Response:  A million ways from simple hypertext to cyber classes. Go to my website at http://ps044.k12.sd.us and you will see tech integrated in almost all of my lessons. Email me a lesson and I can show you how to integrate technology into it. E-mail Ted Nellen or Nancy Patterson or Dawn Hogue or any of the other gurus of technology in language arts. Check the archives which are full of technology rich lessons for the last five years. checkout readwritethink.org for many of our lessons using hypertext and other computer based technology.

April 2003


I am looking for samples for anyone out there who has integrated technology into their curriculum. Perhaps a PowerPoint presentation, class webpage, WebQuest, etc. I will now be making the switch and mostly be working with middle and high schools, but would appreciate any samples from the elementary level, as well. I would like to use these samples in a workshop I will be facilitating in July to give teachers an idea of what other educators are doing to incorporate technology into their teaching. Thanks for considering.

Response:  Wish I was that sophisticated. I made a PowerPoint presentation to use for explaining special education stuff at staff meetings, but I had to do it with overheads because we didn't have the proper equipment to show it to a large group. My daughter made a PowerPoint presentation on Michaelangelo, but we couldn't get it loaded to a CD, so we had to print that out. The teacher lost all twenty pages of it.

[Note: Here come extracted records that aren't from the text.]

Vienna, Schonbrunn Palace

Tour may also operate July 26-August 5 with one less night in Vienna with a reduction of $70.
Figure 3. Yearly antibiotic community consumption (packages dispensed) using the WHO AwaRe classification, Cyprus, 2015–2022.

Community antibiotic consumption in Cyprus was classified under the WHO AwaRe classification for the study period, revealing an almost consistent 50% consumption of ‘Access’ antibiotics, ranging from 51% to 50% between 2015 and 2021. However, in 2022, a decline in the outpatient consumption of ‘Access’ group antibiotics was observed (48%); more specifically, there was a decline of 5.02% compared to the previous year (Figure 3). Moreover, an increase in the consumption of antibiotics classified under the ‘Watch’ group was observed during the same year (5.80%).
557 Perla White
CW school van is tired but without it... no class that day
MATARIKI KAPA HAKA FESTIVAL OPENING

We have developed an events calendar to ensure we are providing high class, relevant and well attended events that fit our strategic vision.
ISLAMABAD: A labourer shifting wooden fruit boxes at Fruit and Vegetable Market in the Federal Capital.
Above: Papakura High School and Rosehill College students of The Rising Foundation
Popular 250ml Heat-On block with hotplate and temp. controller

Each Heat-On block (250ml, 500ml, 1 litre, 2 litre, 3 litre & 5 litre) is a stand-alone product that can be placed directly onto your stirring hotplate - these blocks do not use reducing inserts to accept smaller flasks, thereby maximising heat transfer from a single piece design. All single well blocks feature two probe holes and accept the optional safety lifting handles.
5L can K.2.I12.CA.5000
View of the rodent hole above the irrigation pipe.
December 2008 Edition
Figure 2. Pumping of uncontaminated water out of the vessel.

Response:  I made a PowerPoint presentation with my class (billingual 1-2) as we studied spiders this spring. I added a page or two every day starting with the KWL chart info and kept all the information we collected. It was really fun. I have it on my MAC computer at school. I don't know how it would email. I've had trouble with PP files before. But if I can figure a way to get it to you, I'm more than willing. It was a really good strategy for my ELL students especially.

Response:  My class does lots of word processing, typing and illustrating their stories. They also did three PowerPoint presentations last year, one about themselves, one on insects and one on dinosaurs. I was told yesterday that they already updated our hard drives at school, erasing everything. I'm going to go check tomorrow. If there is something still there I'll send it.

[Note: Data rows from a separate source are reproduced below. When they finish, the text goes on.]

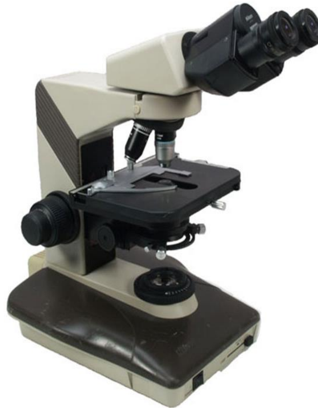
NIKON: mod. Labophot-2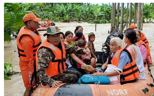
Flood Rescue in Assam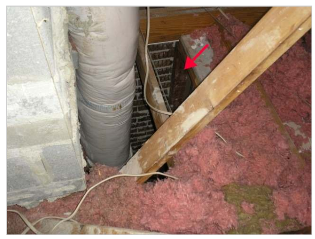
missing fire blocking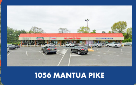
1056 MANTUA PIKE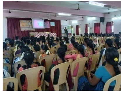
Session on Angel Investment/VC Funding Opportunity for Early-Stage Entrepreneurs.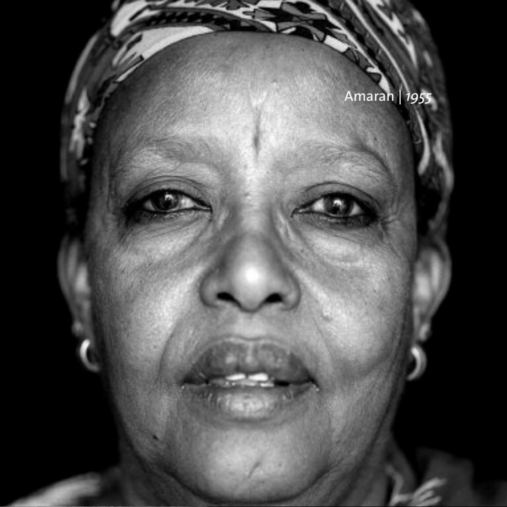
Amarah | 1955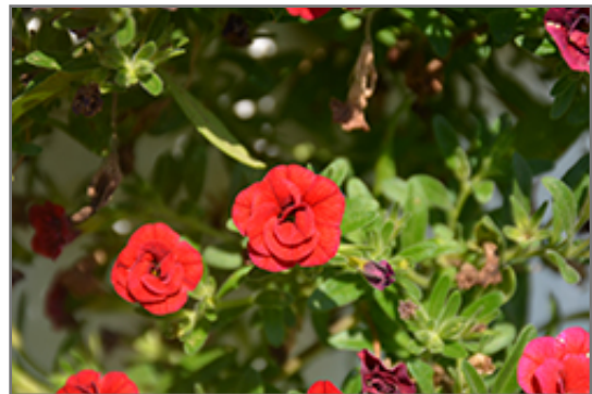
MiniFamous Double Compact Red Calibrachoa flowers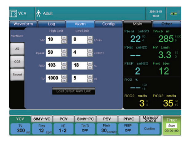
Alarm setting interface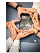
On the Cover Hands of NSD staff encircle The Ten Days of Prayer.

The mission of the Northern Asia-Pacific Division of Seventh-day Adventists is to call all people within its territory to become disciples of Jesus Christ, to proclaim the everlasting gospel embraced by the Three Angels’ Messages (Revelation 14:6-12) and to prepare them for Christ’s soon return.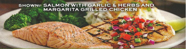
SHOWN: SALMON WITH GARLIC & HERBS AND MARGARITA GRILLED CHICKEN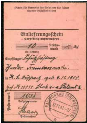
024874. AUSCHWITZ : money order receipt stub from RADZTONKAU cds, addressed to a prisoner at Auschwitz, 1941 ..... £35.00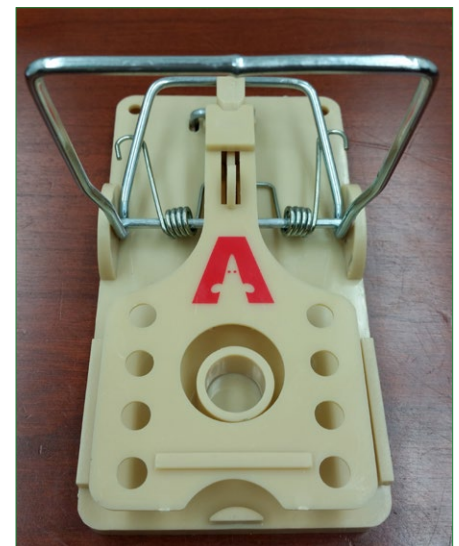
Figure 4. Snap trap with an extended trigger plate.

Live Traps. Multiple-capture live traps for house mice, such as the Victor Tin Cat (Figure 5) and the Ketch-All, are also available from hardware stores and pest control suppliers. They can catch several house mice at a time without being reset, reducing the labor involved. When using such traps, live house mice need to be removed from the trap frequently and humanely euthanized. As stated previously, it is illegal to relocate, or move house mice off the property where they were captured. Relocation is also ineffective; it has been shown that house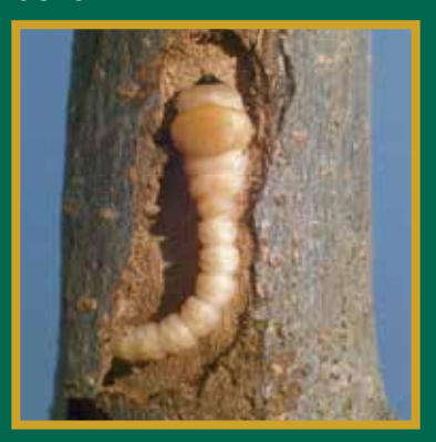
Figure 5. Dead and dying branches on ash trees may be infested with the flatheaded appletree borer.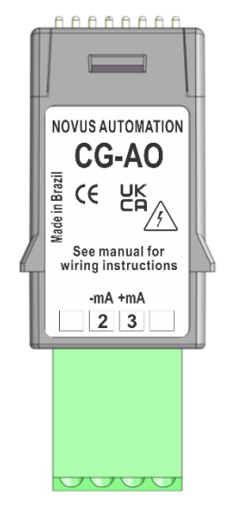
Figure 2 – Electrical connections

CG-AO uses 1 plug-in connector. The figure below shows the laser engraving with the electrical connections of this module: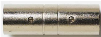
Model 6857 XLR (M/M) Adapter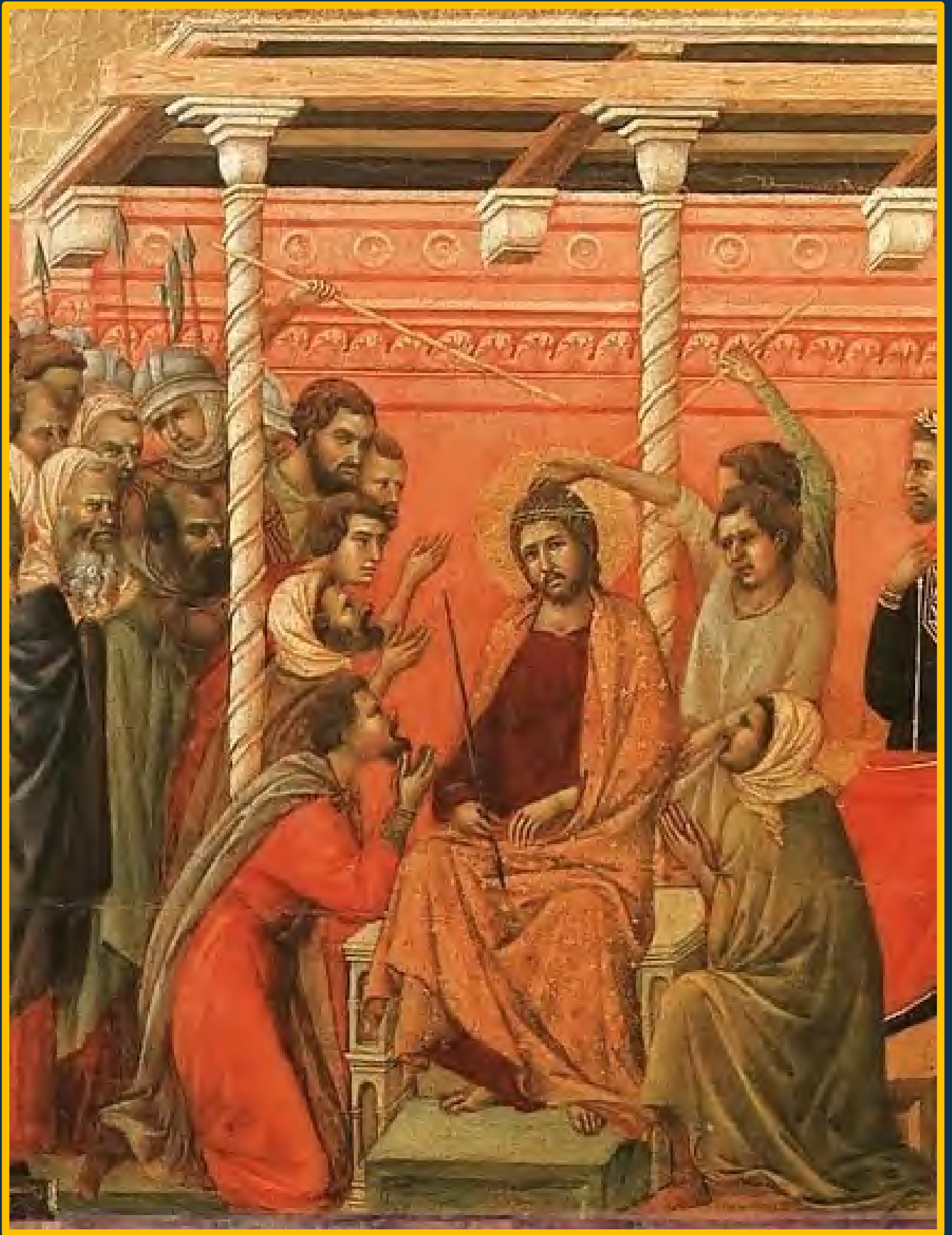
The Crown of Thorns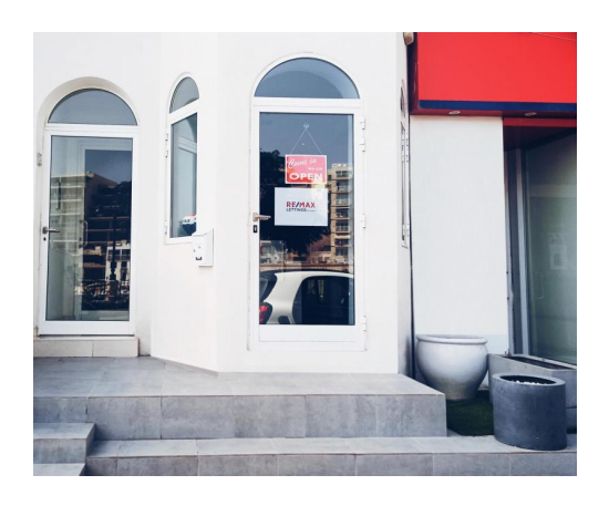
RE/MAX First - St. Julian's RE/MAX First - St. Julian's

Response:  Very interesting. Coincidentally, I'm going to be working two days each week on Resource/Technology in my elementary school. Part of my job will be to teach teachers and students how to use some of the programs such as Earobics and Write Out Loud and other educational programs that might be of use to them. I'm the computer 'geek' on our staff, and I prepare the grade six 'slide show' each year—a PowerPoint presentation that incorporates pictures taken throughout the year. We show it at graduation to the grade six students and their parents. It's a lot of fun to make. Next year I want to work with a group of students on creating a school newspaper using desk top publishing programs like PrintMaster or even Word. The grade four teachers would like me to teach their students to create PowerPoint presentations as projects. It'll be a busy year, I think. [The other three days of the week I'll be teaching my Grade One class.] 

Response:  I have a Power Point presentation my third graders did two years ago and one I did to introduce me to them. I'll send those. I also have this really cool digital microscope which we used when we studied insects and watched our mealworm larvae turn into beetles. I didn't save any of the digital pictures, but I do have printouts of them I could send you via snail mail! 

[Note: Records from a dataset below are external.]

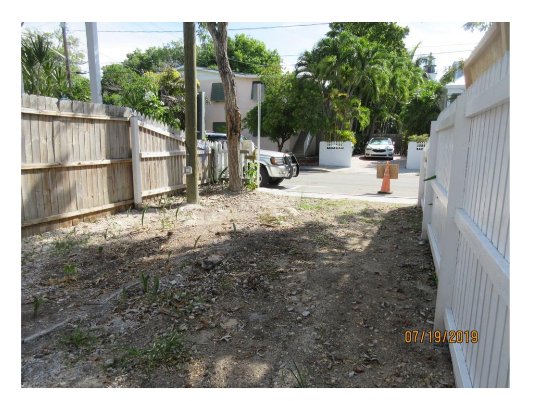
Photo showing location of removed trees, view 2 dated July 19, 2019.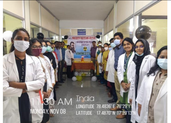
11:30 AM India MONDAY, NOV 08 LONGITUDE 78.4836° E 78°29'1"E LATITUDE 17.4870° N 17°29'13"N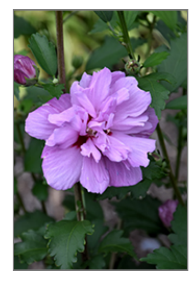
Ardens Rose of Sharon flowers

Ardens Rose of Sharon is recommended for the following landscape applications;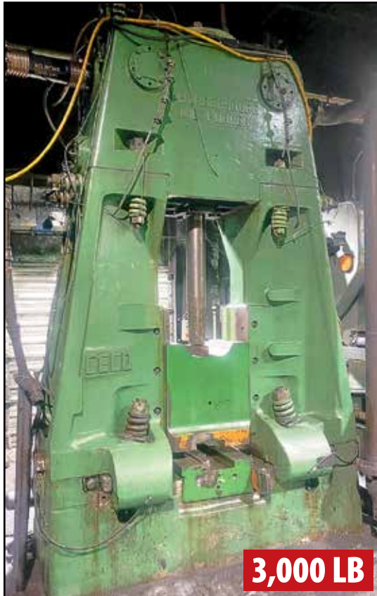
CHAMBERSBURG 12 CDF DIE FORGER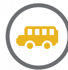
40 minutes from school by public transport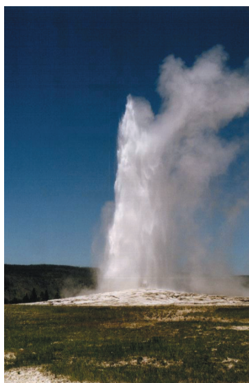
Old Faithful in Yellowstone National Park, Wyoming, USA, where Taq DNA polymerase was first discovered.

selection of applications (Table 2). So why are they of interest to veterinary medicine?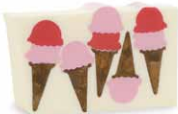
Waffle Cones ▲ Get the scoop of sweet and creamy vanilla goodness. SLWAF / SCWAF / SWWAF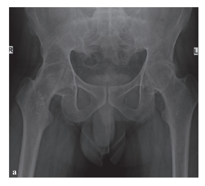
Fig. 2a. — Pre-operative X-ray with Ankylosing Spondylitis both Hip.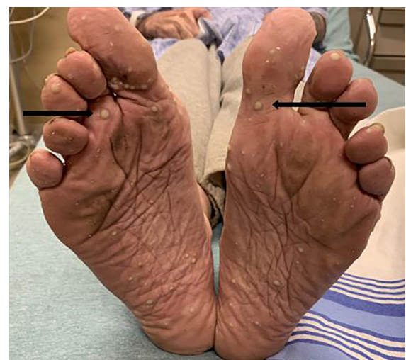
Image 2. Patient's feet with black arrows pointing to pustules on the soles consistent with palmoplantar pustulosis.

usually develops in middle-aged adults, 50-69, and occurs more often in females. 3 While the pathogenesis is unknown, studies have suggested an inflammatory process that destroys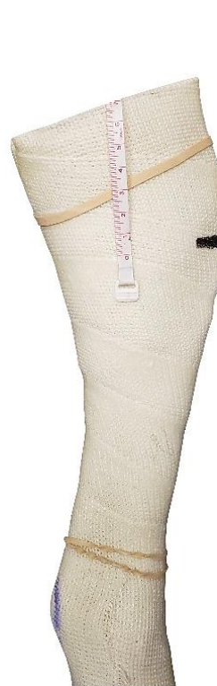
Cast Is Too Short

Response:  I too learned by playing and making slides. I use PowerPoint for bulletin board signs and other signs in my classroom. I also like the ability to cut and paste from other clip art programs various pieces of artwork. I also cringe at the idea of drill and skill to learn this stuff. I was always a MAC person until I met my husband and now I am a PC person. I converted when windows began looking more Mac-like several years ago and I found that most software packages worked the same.